Just remember `tar_file()` for files!
# Interactive development workflow
Here I'll give you a quick demo of how you proceed with development.
The main elements are:
1. `tar_load()` the targets you want to work with interactively from the targets store with `tar_load()`
- There is an RStuido Addin that ships with targets that can load the target under the cursor from the store. It is highly recommended that you make a keyboard shortcut for this. See [creating a keyboard shortcuts for RStudio addins](https://docs.posit.co/ide/user/ide/guide/productivity/add-ins.html#keyboard-shortcuts)
2. Declare a new target, and create a new function to be home to your work.
- Don't forget about `{fnmate}`!
3. Once your function seems like it will work, immediately run `tar_make()` - I also highly advise making a keyboard shortcut for this.
- It's also convenient to run `tar_make(target_name)` to run the pipeline up to, but not past, the target you built, if there are other unrelated targets you don't want to run right now.
4. Repeat. (e.g. `tar_load()` the target you just defined and built to do further work)

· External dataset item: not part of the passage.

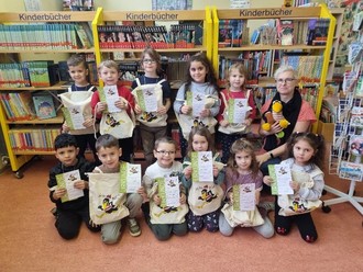Zusammen mit Frau Pfaff lernten die Kinder das Medienangebot der Bücherei kennen. Sie erfuhren, wie Ausleihe und Rückgabe funktioniert und wie man mit den ausgeliehenen Medien umgehen sollte.

Sometimes people ask about where to put experimental code they're not sure should be in the plan yet. At the bottom of a file I'm working with I sometimes keep a 'scratchpad' of related code inside a block like:
```{r}
#| eval: false
function(){
# experimental code goes here
}
```
The code is not run when running the plan and since the function has no name, it
cannot be accidentally called. This tip came from Gábor Csárdi.
# Review
What does each of these functions do?
- `tar_make()`
- `tar_load()`
- `tar_meta()`
- `tar_invalidate()`
- `tar_delete()`
- `tar_target()`
- `tar_file()`
- `tar_render()`
What must be the last object returned in the `_targets.R`?
If you can answer those, you now have enough tools to use targets productively on
your projects. The cake is baked. It's all icing from here.
# The two kinds of reproducibility
Hopefully you can see how the plan we have now defeats classes reproducibility issues typically experienced with classic R projects. Explicitly, we get a more reproducible workflow since:
- Our targets are built in a separate session, so cannot be affected the by the state of our interactive development environment.
- Since `{targets}` intelligently caches our work, we can frequently run the pipeline with the same reproducibility guarantees as if we were running it from scratch, but take a fraction of the time.
- Avoids the situation where the pipeline is rarely run end to end after small changes.
There is a second kind of reproducibility supported by this workflow though.
I'll argue with `{targets}` we can more easily reproduce an understanding of
what all this code is doing in someone else's head.
Imagine you are tasked with peer-reviewing a pipeline. If that pipeline is engineered with `{targets}` your workflow looks like:
1. Run the full pipeline with `tar_make()`.
- Barring issues with the package dependencies, the code just works! It has frequently been tested end-to-end.
2. You start your review from the `_targets.R` which gives you a nice overview of what the important bits of information the pipeline depends on are.
- You might even run `tar_visnetwork()` To get a feel for the most important chains of targets.
3. When you decide you need to inspect the code for a target to understand it better, you can immediately:
- `tar_load()` the input targets from the store, and execute a 'jump to definition' to go directly to the code where those targets are used. You can interactively play with the code until it makes sense.
4. You can context switch away and come back, maybe days later, and do exactly the same thing. All the pipeline's targets are still sitting in the store ready for immediate interactive use.
For similar reasons as described here, `{targets}` works very well to support teams that have a high degree of context switching.